Implementation of NHiTS model

Parameters
  • in_chunk_len (int) – The size of the loopback window, i.e., the number of time steps feed to the model.

  • out_chunk_len (int) – The size of the forecasting horizon, i.e., the number of time steps output by the model.

  • num_stacks – The number of stacks that make up the whole model.

  • num_blocks – The number of blocks making up every stack.

  • num_layers – The number of fully connected layers preceding the final forking layers in each block of every stack.

  • layer_widths – Determines the number of neurons that make up each fully connected layer in each block of every stack.

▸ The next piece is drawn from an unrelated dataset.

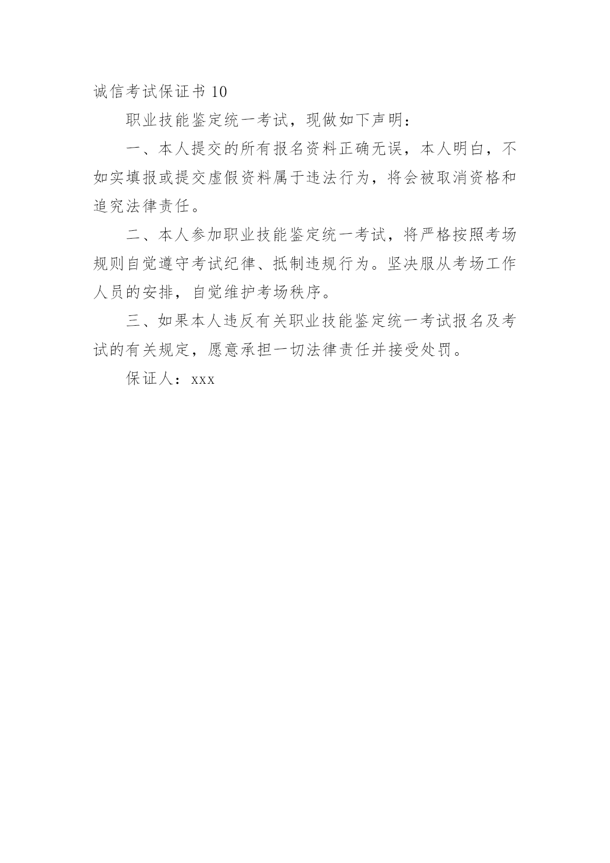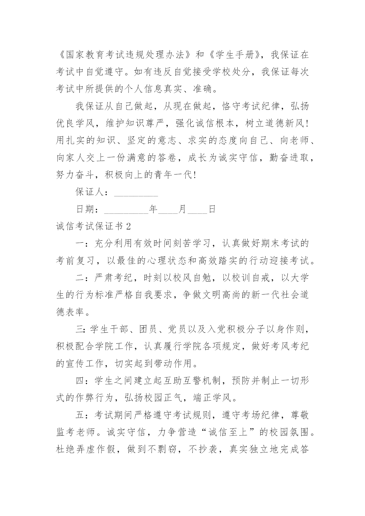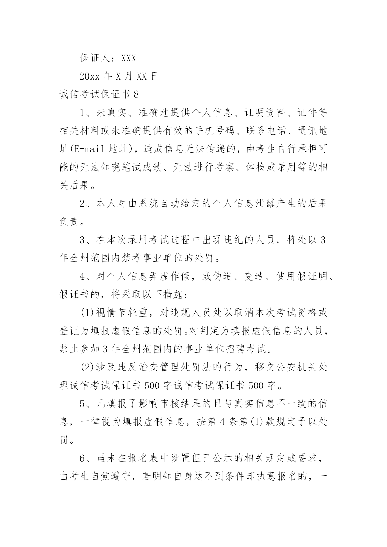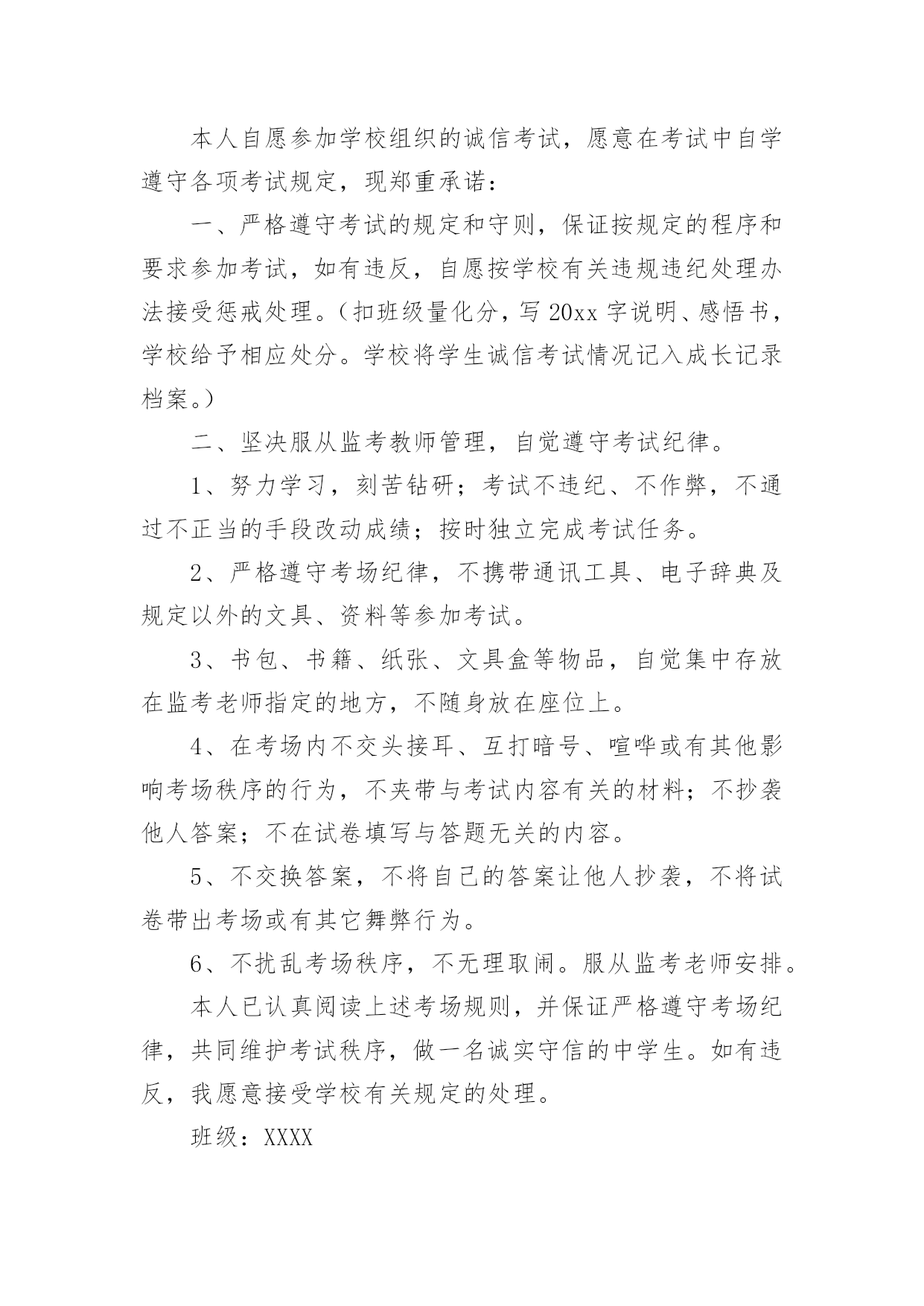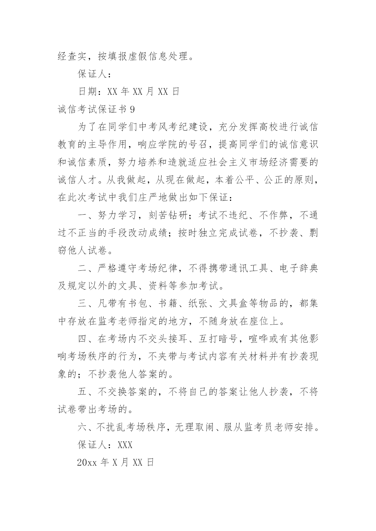 诚信考试保证书诚信考试保证书在不断进步的时代,保证书的使用频率呈上升趋势,有效的保证书必须合乎法律的规定。我们应当如何写保证书呢?以下是小编精心整理的诚信考试保证书,希望能够帮助到大家。诚信考试保证书1诚信是一个人的基本道德水平,诚信参加考试应当成为每个考生的自觉行为。即将到来的英语四六级和期末考试既是对我们所学知识能力水平的检验,也是对我们的道德与诚信的考验。当诚信考生,做文明公民,既是时代的需要,也是做人的基本准则;诚信考试既是对于自身学习的知识素养真实的展示考核,也是对于自身品德修养真切的实际检验。作为当代大学生,每一名同学都应该从观念上树立对于考试的正确认识,在行为上以诚信的态度对待每一场考试,为了维护考试的公平、公正,促进我院优良学风考风建设,坚决抵制考试作弊等不良现象,值此英语四六级和期末考试即将来临之际,我愿诚信参加考试,端正考试态度,杜绝舞弊现象,严守考试纪律,维护校园正气,驾诚信之舟,以真实的成绩接受检验。我已阅读了《全国大学生英语四六级考试守则》、《国家教育考试违规处理办法》和《学生手册》,我保证在考试中自觉遵守。如有违反自觉接受学校处分,我保证每次考试中所提供的个人信息真实、准确。我保证从自己做起,从现在做起,恪守考试纪律,弘扬优良学风,维护知识尊严,强化诚信根本,树立道德新风!用扎实的知识、坚定的意志、求实的态度向自己、向老师、向家人交上一份满意的答卷,成长为诚实守信,勤奋进取,努力奋斗,积极向上的青年一代!保证人:_________日期:_________年____月____日诚信考试保证书2一:充分利用有效时间刻苦学习,认真做好期末考试的考前复习,以最佳的心理状态和高效踏实的行动迎接考试。二:严肃考纪,时刻以校风自勉,以校训自戒,以大学生的行为标准严格自我要求,争做文明高尚的新一代社会道德表率。三:学生干部、团员、党员以及入党积极分子以身作则,积极配合学院工作,认真履行学院各项规定,做好考风考纪的宣传工作,切实起到带动作用。四:学生之间建立起互助互警机制,预防并制止一切形式的作弊行为,弘扬校园正气,端正学风。五:考试期间严格遵守考试规则,遵守考场纪律,尊敬监考老师。诚实守信,力争营造“诚信至上”的校园氛围。杜绝弄虚作假,做到不剽窃,不抄袭,真实独立地完成答卷。”诚信是为人处事的根底,是做事的要求更是做人的要求。是衡量个人素质高低的一个重要标准。我们将继续发扬求实明德的精神,无论在以后的考试中亦或未来的学习,工作、生活当中,都会以实际行动维护知识的尊严,自身的尊严和良好的社会生活氛围。请领导放心,请老师放心,请家长放心。保证人:XXX20xx年X月XX日诚信考试保证书3尊敬的**:诚信是一个人的基本道德水平,诚信参加考试应当成为每个考生的自觉行为。即将到来的英语四六级和期末考试既是对我们所学知识能力水平的检验,也是对我们的道德与诚信的考验。当诚信考生,做文明公民,既是时代的需要,也是做人的基本准则;诚信考试既是对于自身学习的知识素养真实的展示考核,也是对于自身品德修养真切的实际检验。作为当代大学生,每一名同学都应该从观念上树立对于考试的正确认识,在行为上以诚信的态度对待每一场考试,为了维护考试的'公平、公正,促进我院优良学风考风建设,坚决抵制考试作弊等不良现象,值此英语四六级和期末考试即将来临之际,我愿诚信参加考试,端正考试态度,杜绝舞弊现象,严守考试纪律,维护校园正气,驾诚信之舟,以真实的成绩接受检验。我已阅读了《全国大学生英语四六级考试守则》、《国家教育考试违规处理办法》和《0000000000学生手册》,我保证在考试中自觉遵守。如有违反自觉接受学校处分,我保证每次考试中所提供的个人信息真实、准确。我保证从自己做起,从现在做起,恪守考试纪律,弘扬优良学风,维护知识尊严,强化诚信根本,树立道德新风!用扎实的知识、坚定的意志、求实的态度向自己、向老师、向家人交上一份满意的答卷,成长为诚实守信,勤奋进取,努力奋斗,积极向上的青年一代!保证人:时间:诚信考试保证书4为了严格同学们的考风考纪,充分发挥高校诚信教育的作用,响应学院的号召,提高同学们的诚信意识和素质,努力培养社会需要的诚信人才。从自身做好表率,我们本着诚信做人的原则,在此次考试中做出如下承诺:一、努力学习,刻苦钻研;考试不违纪、不作弊,不通过不正当的手段改动成绩;按时独立完成试卷,不抄袭、剽窃他人试卷。二、严格遵守考场纪律,不得携带通讯工具、电子辞典及规定以外的文具、资料等参加考试。三、凡带有书包、书籍、纸张、文具盒等物品的,都集中存放在监考老师指定的地方,不随身放在座位上。四、在考场内不交头接耳、互打暗号,喧哗或有其他影响考场秩序的行为,不夹带与考试内容有关材料。五、严禁交换答案,不将自己的答案让他人抄袭,不将试卷带出考场。六、不扰乱考场

If a list is passed, it must have a length equal to num_stacks and every entry in that list corresponds to the layer width of the corresponding stack. If an integer is passed, every stack will have blocks with FC layers of the same width.

  • pooling_kernel_size (Tuple[Tuple[int]], option) – The kernel size for the initial pooling layer.

  • n_freq_downsample (Tuple[Tuple[int]], option) – The factor by which to downsample time at the output (before interpolating).

  • batch_norm (bool) – Whether to use batch normalization.

  • dropout (float) – Dropout probability.

  • activation (str) – The activation function of encoder/decoder intermediate layer.

  • MaxPool1d (bool) – Whether to use MaxPool1d pooling, False uses AvgPool1d.

  • skip_chunk_len (int, Optional) – Optional, the number of time steps between in_chunk and out_chunk for a single sample. The skip chunk is neither used as a feature (i.e. X) nor a label (i.e. Y) for a single sample. By default it will NOT skip any time steps.

  • sampling_stride (int, optional) – sampling intervals between two adjacent samples.

  • loss_fn (Callable, Optional) – loss function.

  • optimizer_fn (Callable, Optional) – optimizer algorithm.

  • optimizer_params (Dict, Optional) – optimizer parameters.

  • eval_metrics (List[str], Optional) – evaluation metrics of model.

  • callbacks (List[Callback], Optional) – customized callback functions.

  • batch_size (int, Optional) – number of samples per batch.

  • max_epochs (int, Optional) – max epochs during training.

  • verbose (int, Optional) – verbosity mode.

  • patience (int, Optional) – number of epochs with no improvement after which learning rate wil be reduced.

  • seed (int, Optional) – global random seed.